Saturday, 17 September 2016

A bias for green eyes


Jenny Hill, talking to a pro-mass migration politician

Your ears did not deceive you. Jenny ‘Welcome to Germany!’ Hill was back on From Our Own Correspondent this morning, eulogising over a wonderful, hardworking, green-eyed refugee. 

(She's clearly got a think about green-eyed refugees. Her wonderful, kindly refugee last time round had "striking green eyes".)

This new report from Hamburg - ostensibly about German politics - focused on the migration issue. 

30,000 asylum seekers have arrived in the city in the past year, Jenny noted before singling out just one of them:
Take Abdul. A young man, a welder by trade from Syria. When I met him he was hard at work, blue sparks flying across the work bench and reflecting in the visor over his face. He lifted it and revealed startlingly green eyes and a big grin. 
Abdul's new boss, "a great, kindly bear of a man", is full of admiration for him. Abdul was just what he needed. Young Germans can't do these jobs. Plus, he motivates the other employees too through his hard work. 

And that's exactly the kind of thing Mrs Merkel wants to happen, said Jenny - namely a well-integrated, skilled migrant population to help with Germany's ageing population and to boost business. 

"But, of course, that's easier said than done", she added, before moving onto Melanie Leonhard, the Hamburg official responsible for integration. 

Dr Leonhard "looks tired", said Jenny, but is determined to turn the influx into "a new chance for our society and a success".

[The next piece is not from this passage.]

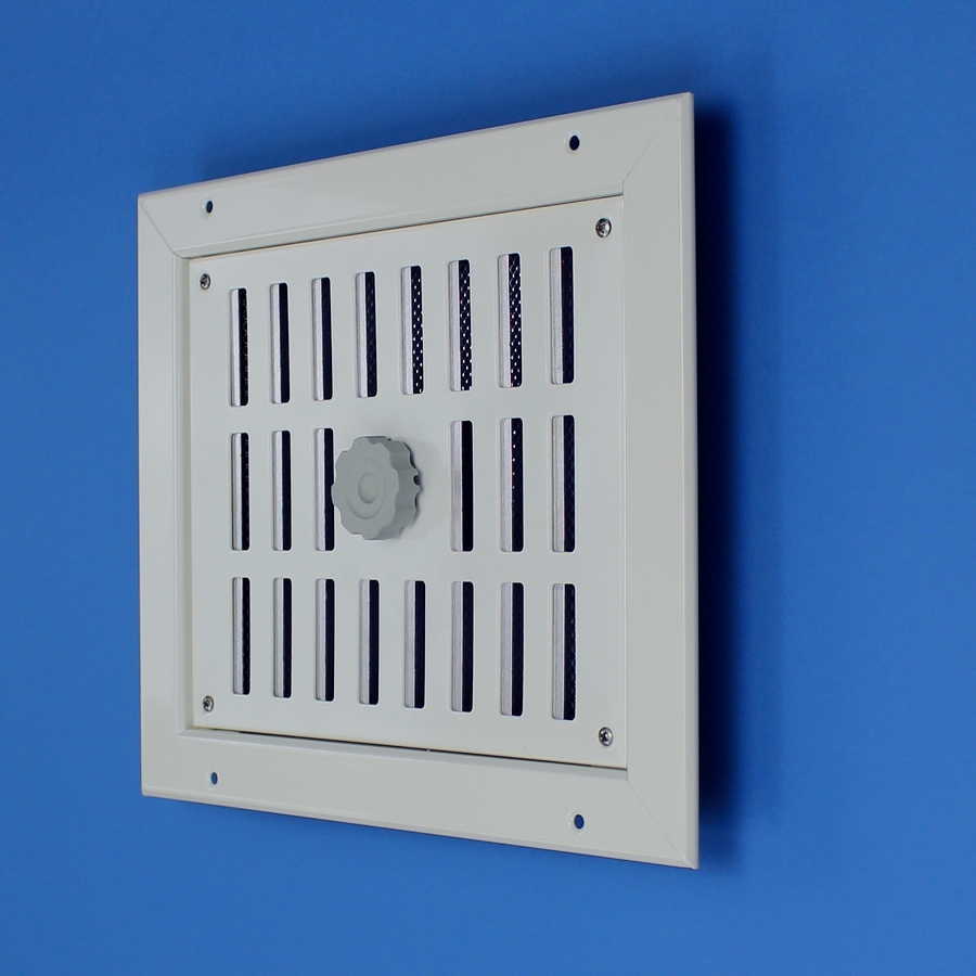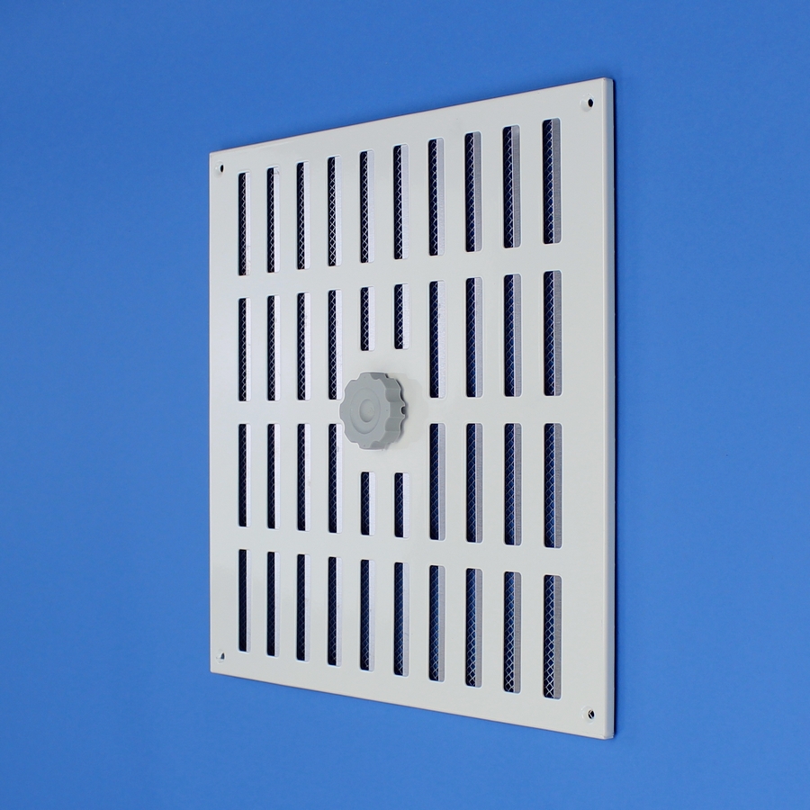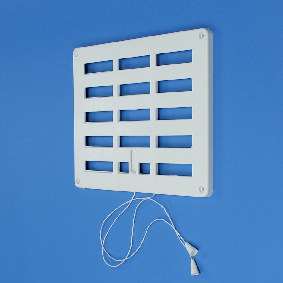 Afsluitbaar rooster vervaardigd van aluminium, inbouw. Rooster is voorzien van een draaiknop, geschikt voor een eventuele koordbediening.

Melanie Leonhard, thankfully looking less tired

Along with other German officials Jenny has spoken to, she thinks it can be done, especially as migrant numbers have fallen dramatically since the closure of the Balkan route and migrant organisations now feel in a position to cope.

So all's starting to go well for Mrs Merkel's open-door policy, it seems. But...oh those pesky voters!

"German voters are running out of patience", she continued, and increasing turning to what Jenny called "the anti-Islam party Alternative für Deutschland":
I recently listened to one of AfD's founders speak at a hustings.  [She didn't think to either personalise him or even give his name].  
"Islam", he declared, "is a religion of blood which has no place in Germany."  
"The new arrivals are culturally behind us", he added. "They can't - or don't - want to integrate".
Of course, FOOC listeners will have heard Jenny's earlier story about grinning, hard-working, much-liked, Abdul earlier who, according to Jenny's own account, very much does want to integrate and already has integrated. They could well have heard the unnamed, rhetorical AfD founder's statements through that prism. Abdul was there to contradict him in advance.

Jenny then ended by reflecting on public trust in Mrs Merkel. Do voters believe her any longer?

To which can be added another question: Do Radio 4 listeners believe the likes of Jenny Hill any longer, with her very-carefully-chosen lovable green-eyed migrants and her ways of humanising - or not humanising - the figures in her stories to taste (as they say on squash bottles)?